IT'S THE RAGENR
Granted, guns are not funny. Killing people with guns is definitely not funny. Yet, It's the Rage is about guns and killing people and, essentially, it's a very funny movie. Lurking among the laughs, however, is a distinctly sinister-and some might even say subversive-premise: Anyone who owns a handgun is either a criminal or a little crazy, or both.
The first shot heard is off-camera, in the dark of night, in an ordinary suburban household. Helen Harding (Joan Allen) awakes to carefully descend the stairs to her living room, where she finds her husband Warren (Jeff Daniels) holding a gun and standing over a dead man. It was an intruder, Warren says, and he shot him. Helen's in shock. Even more so when she recognizes the corpse. Seems that her husband has killed his business partner.
Neither Helen nor Warren could be called a stable personality, but his psychological supports are far rockier then hers. He's convinced she's been sleeping with his dead partner and about 20 other guys he could name. Up to here with his jealousy, at dinner one night Helen tells her husband what he wants to hear-about an adulterous tryst she had that afternoon, all the details.

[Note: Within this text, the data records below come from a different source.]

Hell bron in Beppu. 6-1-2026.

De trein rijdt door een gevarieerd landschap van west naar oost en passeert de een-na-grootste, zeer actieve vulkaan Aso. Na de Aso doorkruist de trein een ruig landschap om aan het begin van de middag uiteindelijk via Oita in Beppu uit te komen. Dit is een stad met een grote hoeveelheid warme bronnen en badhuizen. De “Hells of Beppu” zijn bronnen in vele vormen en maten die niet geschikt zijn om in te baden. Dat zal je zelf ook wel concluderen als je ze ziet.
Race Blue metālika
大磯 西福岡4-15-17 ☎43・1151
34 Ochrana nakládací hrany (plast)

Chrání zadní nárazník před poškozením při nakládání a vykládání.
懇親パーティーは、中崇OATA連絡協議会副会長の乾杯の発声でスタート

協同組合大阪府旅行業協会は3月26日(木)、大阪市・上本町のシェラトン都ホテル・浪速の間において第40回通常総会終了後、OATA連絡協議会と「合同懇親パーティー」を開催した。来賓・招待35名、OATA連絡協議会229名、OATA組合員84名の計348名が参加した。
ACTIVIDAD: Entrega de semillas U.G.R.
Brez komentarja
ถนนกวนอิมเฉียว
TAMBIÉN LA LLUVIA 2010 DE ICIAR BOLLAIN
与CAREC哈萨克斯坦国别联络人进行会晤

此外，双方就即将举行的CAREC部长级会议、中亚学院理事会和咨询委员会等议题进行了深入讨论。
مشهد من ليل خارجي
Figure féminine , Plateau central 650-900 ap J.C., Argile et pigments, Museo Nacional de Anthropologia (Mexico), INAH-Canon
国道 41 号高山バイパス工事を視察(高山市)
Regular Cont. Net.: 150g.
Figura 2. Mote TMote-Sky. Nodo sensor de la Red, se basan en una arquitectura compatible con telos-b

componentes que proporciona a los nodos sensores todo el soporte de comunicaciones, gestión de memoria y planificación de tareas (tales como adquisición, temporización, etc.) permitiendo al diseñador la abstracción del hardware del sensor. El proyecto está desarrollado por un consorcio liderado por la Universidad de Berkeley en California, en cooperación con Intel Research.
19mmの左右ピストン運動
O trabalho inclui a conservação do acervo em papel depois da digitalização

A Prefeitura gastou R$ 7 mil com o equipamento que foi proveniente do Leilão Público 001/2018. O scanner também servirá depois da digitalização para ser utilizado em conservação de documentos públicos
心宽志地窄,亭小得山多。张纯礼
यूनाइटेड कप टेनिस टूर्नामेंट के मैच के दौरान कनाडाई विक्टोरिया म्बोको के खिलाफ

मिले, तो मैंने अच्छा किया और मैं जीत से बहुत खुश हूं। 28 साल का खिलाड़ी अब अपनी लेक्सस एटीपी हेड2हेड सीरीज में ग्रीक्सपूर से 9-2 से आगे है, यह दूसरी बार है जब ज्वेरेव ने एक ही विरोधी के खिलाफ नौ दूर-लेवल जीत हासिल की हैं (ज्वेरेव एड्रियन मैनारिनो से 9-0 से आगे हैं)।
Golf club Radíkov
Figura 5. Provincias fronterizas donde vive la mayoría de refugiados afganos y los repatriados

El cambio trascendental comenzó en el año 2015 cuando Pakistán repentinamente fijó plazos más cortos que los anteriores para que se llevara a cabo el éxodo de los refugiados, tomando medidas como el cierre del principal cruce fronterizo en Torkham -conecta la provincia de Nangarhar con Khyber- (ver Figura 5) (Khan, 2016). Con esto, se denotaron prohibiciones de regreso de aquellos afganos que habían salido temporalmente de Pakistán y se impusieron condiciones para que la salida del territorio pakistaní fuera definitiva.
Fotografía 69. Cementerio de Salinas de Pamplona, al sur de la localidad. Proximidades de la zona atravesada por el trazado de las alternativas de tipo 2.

Allen deadpans this delicious lie in a scene that sets the tone for the entire movie: A character's low-key demeanor doesn't mean there isn't a roiling rage inside-and nearly everyone in It's the Rage is filled with it. A pure, unadulterated rage.
None more so than Mr. Morgan (Gary Sinise), a wildly eccentric computer genius and a billionaire recluse who's locked himself up in a fortress-like room with huge computer screens for walls. Helen winds up working for Morgan after her divorce from Warren-whose lawyer, Tim (Andre Braugher), helps him beat a murder rap and sets up the job for Helen (as Morgan is also Tim's client).
Meanwhile, Morgan's former assistant, Tennel (Josh Brolin), goes to work at a video store, where he meets and falls in love with a sexy street tramp, Annabel (Anna Paquin), who, while on a shoplifting spree, also catches the eye of the lawyer Tim, despite the fact that he has a male lover at home-the fey, slightly unbalanced Chris (David Schwimmer). Chris is a frequent customer at the video store, which is also visited regularly by Annabel's fiercely protective brother, Sidney (Giovanni Ribisi), who's keeping his eye on the love-struck Tennel. Then there's the world-weary cop, Tyler (Robert Forster) who's keeping his eye on the whole lot of them.
Yes, the lives of all these characters are inexplicably but quite logically intertwined, although some of them never have a chance to get acquainted. And, yes, each is either a perpetrator of gun violence or, conversely, will find him or herself threatened at gunpoint. More often than not, the outcome is fatal. So what could be so amusing about It's the Rage? First and foremost, it's the sheer audacity of the performances: As Warren, Daniels seems as if he can barely contain his craziness, while Sinise's Morgan spits out his neuroses like quills from a cornered porcupine. Schwimmer gleefully follows Chris' fantasies up into the ether, Paquin makes Annabel an irresistible weirdo, and Ribisi is brilliantly frightening as her strung-out brother. (Ribisi has a priceless bit of comic business in a shooting gallery, which becomes all the more hilarious because it stays in the background, very nearly thrown away.)
Keith Reddin's script (based on his play) does provide a moral compass to sort through some of the amoral ambiguities at the heart of It's The Rage. The characters played by Allen and Forster see clearly what's going on, and while she'll move on in life with some hope for humanity, he's not so sure. As a cop, he's encountered lots of crazy people with guns. To him, they're not funny. And, despite the inspired satire-despite the very real laughs mined from the grisly goings-on-at the end of It's the Rage, this is the thought that lingers: Guns are not funny.